Scalable hierarchical network-on-chip architecture for spiking neural network hardware implementations

Spiking neural networks (SNNs) attempt to emulate information processing in the mammalian brain based on massively parallel arrays of neurons that communicate via spike events. SNNs offer the possibility to implement embedded neuromorphic circuits, with high parallelism and low power consumption compared to the traditional von Neumann computer paradigms. Nevertheless, the lack of modularity and poor connectivity shown by traditional neuron interconnect implementations based on shared bus topologies is prohibiting scalable hardware implementations of SNNs. This paper presents a novel hierarchical network-on-chip (H-NoC) architecture for SNN hardware, which aims to address the scalability issue by creating a modular array of clusters of neurons using a hierarchical structure of low and high-level routers.

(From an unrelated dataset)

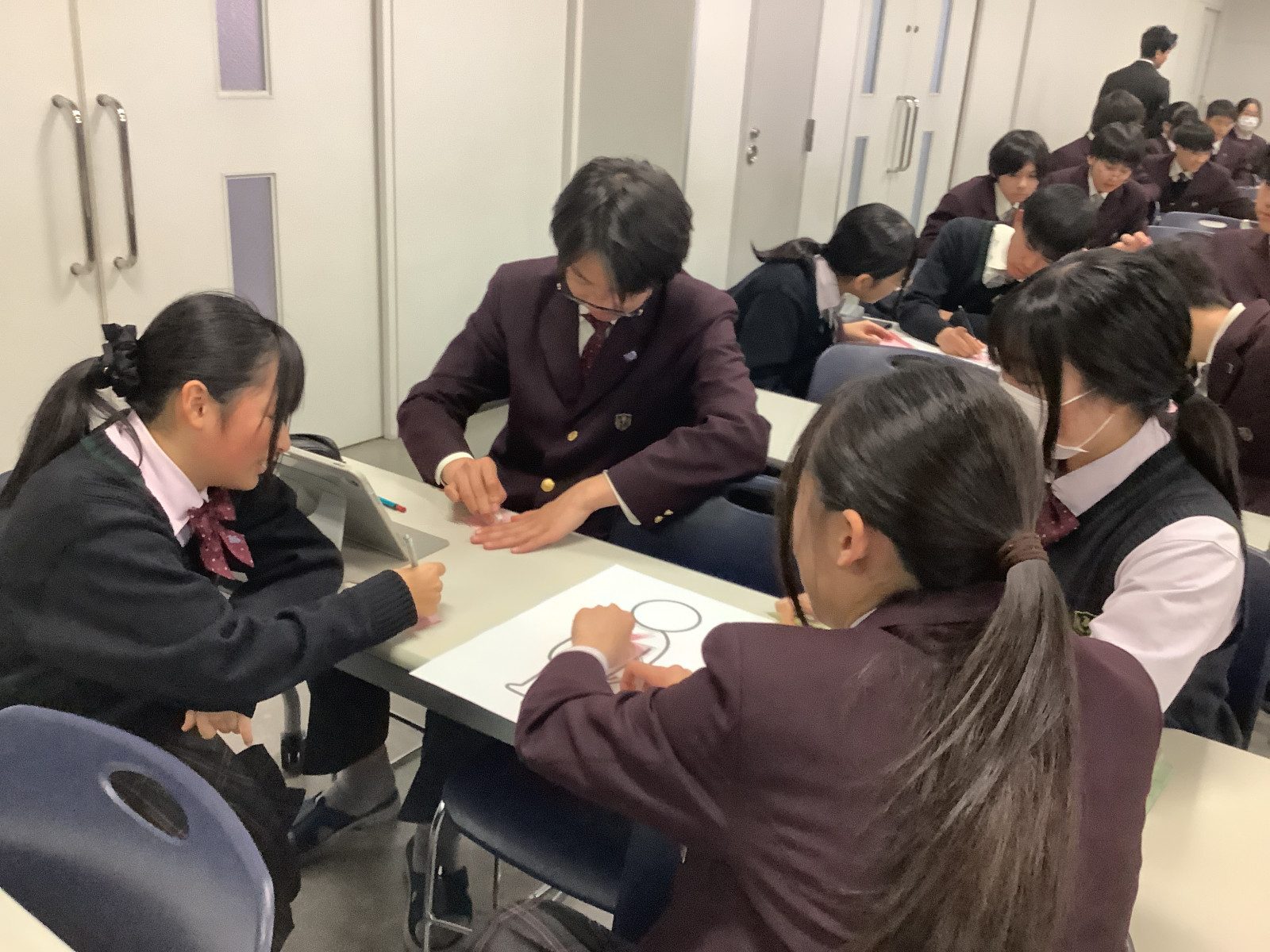 前半はグループワークを行い、「怒り」や「喜び」を感じたとき、自分の体にどのような変化が起きるかを話し合いました。生徒たちは付箋を使いながら、「鼓動が速くなる」「顔が熱くなる」といった意見を出し合い、感情が身体症状として表出する仕組みを共有しました。

The proposed H-NoC architecture incorporates a spike traffic compression technique to exploit SNN traffic patterns and locality between neurons, thus reducing traffic overhead and improving throughput on the network. In addition, adaptive routing capabilities between clusters balance local and global traffic loads to sustain throughput under bursting activity. Analytical results show the scalability of the proposed H-NoC approach under different scenarios, while simulation and synthesis analysis using 65-nm CMOS technology demonstrate high-throughput, low-cost area, and power consumption per cluster, respectively.